Give again, exactly as written, each line of the material below starting at the line that contains "- 복지용구와 보장구: 지팡이, 성인용" and ending at the line that contains "또한, 사용자의 취향에". Both ends count, and no other line does.

RECORDS FOR THE TASK =>
Content starts

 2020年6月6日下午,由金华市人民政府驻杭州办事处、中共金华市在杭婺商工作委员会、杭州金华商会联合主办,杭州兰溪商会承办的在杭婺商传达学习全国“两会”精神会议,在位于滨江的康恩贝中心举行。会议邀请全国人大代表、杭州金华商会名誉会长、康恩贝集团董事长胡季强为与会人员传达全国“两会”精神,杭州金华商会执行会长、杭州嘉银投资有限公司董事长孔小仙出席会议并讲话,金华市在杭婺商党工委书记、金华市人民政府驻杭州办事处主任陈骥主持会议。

Content ends
Content starts

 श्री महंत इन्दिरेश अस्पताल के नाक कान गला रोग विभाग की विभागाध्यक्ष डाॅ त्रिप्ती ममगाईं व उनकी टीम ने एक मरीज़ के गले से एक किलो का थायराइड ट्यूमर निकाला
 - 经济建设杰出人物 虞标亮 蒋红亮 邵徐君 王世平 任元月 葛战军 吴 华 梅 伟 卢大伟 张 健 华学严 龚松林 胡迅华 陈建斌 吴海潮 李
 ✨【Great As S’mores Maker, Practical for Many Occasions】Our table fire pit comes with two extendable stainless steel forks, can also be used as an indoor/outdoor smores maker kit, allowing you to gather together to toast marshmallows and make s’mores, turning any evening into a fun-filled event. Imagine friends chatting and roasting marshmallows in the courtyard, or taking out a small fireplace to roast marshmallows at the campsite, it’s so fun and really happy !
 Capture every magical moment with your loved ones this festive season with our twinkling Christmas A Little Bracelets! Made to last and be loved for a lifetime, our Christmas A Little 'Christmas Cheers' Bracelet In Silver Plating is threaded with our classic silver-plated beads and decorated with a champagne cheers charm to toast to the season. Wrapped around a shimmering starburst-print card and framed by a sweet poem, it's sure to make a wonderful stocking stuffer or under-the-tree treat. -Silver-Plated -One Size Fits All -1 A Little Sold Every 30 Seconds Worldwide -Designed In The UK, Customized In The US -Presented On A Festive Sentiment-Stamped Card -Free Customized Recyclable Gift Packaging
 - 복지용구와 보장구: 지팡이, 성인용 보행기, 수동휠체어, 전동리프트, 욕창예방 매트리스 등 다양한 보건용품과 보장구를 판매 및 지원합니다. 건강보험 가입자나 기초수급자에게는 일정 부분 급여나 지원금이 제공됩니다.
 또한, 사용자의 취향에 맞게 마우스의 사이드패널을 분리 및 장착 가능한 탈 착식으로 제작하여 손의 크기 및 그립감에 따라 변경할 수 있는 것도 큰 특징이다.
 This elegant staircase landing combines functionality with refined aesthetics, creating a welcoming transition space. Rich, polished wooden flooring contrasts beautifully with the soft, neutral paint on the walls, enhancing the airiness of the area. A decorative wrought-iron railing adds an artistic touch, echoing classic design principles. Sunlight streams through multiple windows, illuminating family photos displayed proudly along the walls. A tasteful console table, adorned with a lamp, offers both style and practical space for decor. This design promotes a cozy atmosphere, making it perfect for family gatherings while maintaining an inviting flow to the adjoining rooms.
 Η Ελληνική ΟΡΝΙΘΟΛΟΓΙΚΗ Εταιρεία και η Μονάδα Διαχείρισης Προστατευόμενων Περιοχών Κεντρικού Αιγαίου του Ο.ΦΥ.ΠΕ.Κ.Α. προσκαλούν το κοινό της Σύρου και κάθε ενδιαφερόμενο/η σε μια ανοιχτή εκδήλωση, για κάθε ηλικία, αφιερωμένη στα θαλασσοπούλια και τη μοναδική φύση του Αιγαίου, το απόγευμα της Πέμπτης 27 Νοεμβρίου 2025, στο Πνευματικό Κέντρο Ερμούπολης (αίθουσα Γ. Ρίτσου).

Content ends

EXERCISE ANSWER =>
 - 복지용구와 보장구: 지팡이, 성인용 보행기, 수동휠체어, 전동리프트, 욕창예방 매트리스 등 다양한 보건용품과 보장구를 판매 및 지원합니다. 건강보험 가입자나 기초수급자에게는 일정 부분 급여나 지원금이 제공됩니다.
 또한, 사용자의 취향에 맞게 마우스의 사이드패널을 분리 및 장착 가능한 탈 착식으로 제작하여 손의 크기 및 그립감에 따라 변경할 수 있는 것도 큰 특징이다.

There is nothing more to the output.